Brazil, anxious to exorcise the ghosts of their shocking 7-1 defeat to Germany in the semi-final of the last World Cup and in fine form in 2017, will acknowledge this looks a kind welcome to Russia, and a tournament where they begin among the top favourites.

But Switzerland and Costa Rica both reached the knockout phase in 2014, and aim for the last 16, at least, again.

Look out for some tough marking on Neymar, first when he comes up against an old foe, Juventus’s Stephan Lichtsteiner, the uncompromising Swiss captain taking him on in the group’s first fixture.

Come the match against Serbia, it will be the teak-tough Branislav Ivanovic patrolling Neymar’s territory.
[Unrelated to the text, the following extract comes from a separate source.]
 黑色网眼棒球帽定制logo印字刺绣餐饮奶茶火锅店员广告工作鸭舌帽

F Germany, Mexico, Sweden, S Korea

The holders of the World Cup, and winners of the warm-up event for Russia 2018 - the Confederations Cup of five months ago - ought to take this collection of hurdles largely in their stride.
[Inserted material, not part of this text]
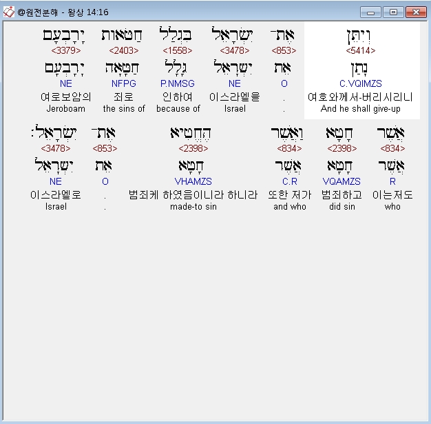 | 히브리어 열왕기상 15장 전체 원어 원문 성경 공부 주석 강해 설교 해설 해석 (0) | 2020.10.07 |

A less-than-full-strength German team taken by manager Joachim Low to the Confeds beat Mexico 4-1 in the quarter-final in Sochi.

Sweden can boast an even finer recent victim. They are in Russia at the expense of Italy, who they defeated in the play-offs, and the Swedes are there despite the international retirement of Zlatan Ibrahimovic.

The bandwagon beseeching Ibrahimovic to return to the national team by June will probably not recede entirely between now and then. But the Swedes will focus determinedly on finishing above Mexico, habitual last-16 qualifiers, and South Korea.

G Belgium, Panama, England, Tunisia

Tunisia, impressively solid and spirited in qualifying for what will be their fourth World Cup, can feel encouraged. They have ended up with a novice, in Panama, in their group. They also have a notoriously slow starter in England for their opening fixture.

England have triumphed just once in an opening match at World Cup in the last four attempts. Before that, in 1998, they beat Tunisia on Matchday 1, by 2-0.

The two European teams must, though, be rated favourites to progress and Belgium will carry to Russia a formidably strong squad. Pick an XI of excellent Belgians from just the top seven clubs in the English Premier League table and it shines far brighter than an England XI drawn from the same clubs.

If Tunisia can come through against Harry Kane and then the likes of Eden Hazard, Kevin de Bruyne and Romelu Lukaku with a point or two, then they give themselves a chance of progress via their match against Panama.

James Rodriguez was the star for Colombia in the previous World Cup. Martin Mejia / AP Photo
James Rodriguez was the star for Colombia in the previous World Cup. Martin Mejia / AP Photo

H Poland, Senegal, Colombia, Japan

Both Asia and Africa might glimpse in Group H their best chances of representation in the second phase.

Colombia struggled to find a settled idea of their best team in qualifying. James Rodriguez, their outstanding star at the last World Cup, has regained some of the confidence he lost while marginalised at Real Madrid during his ongoing loan spell at Bayern Munich. But they have been a less potent attacking force than their illustrious forwards should make them.

Poland, meanwhile, have a supreme attacking force in captain Robert Lewandowksi of Bayern.

Senegal have the speed going forward to trouble any opposition, with Sadio Mane their spearhead. Like Japan, the West Africans will be looking to emulate their achievements at the 2002 World Cup. Then, Senegal reached the last eight, and Japan made it to the last-16 stage.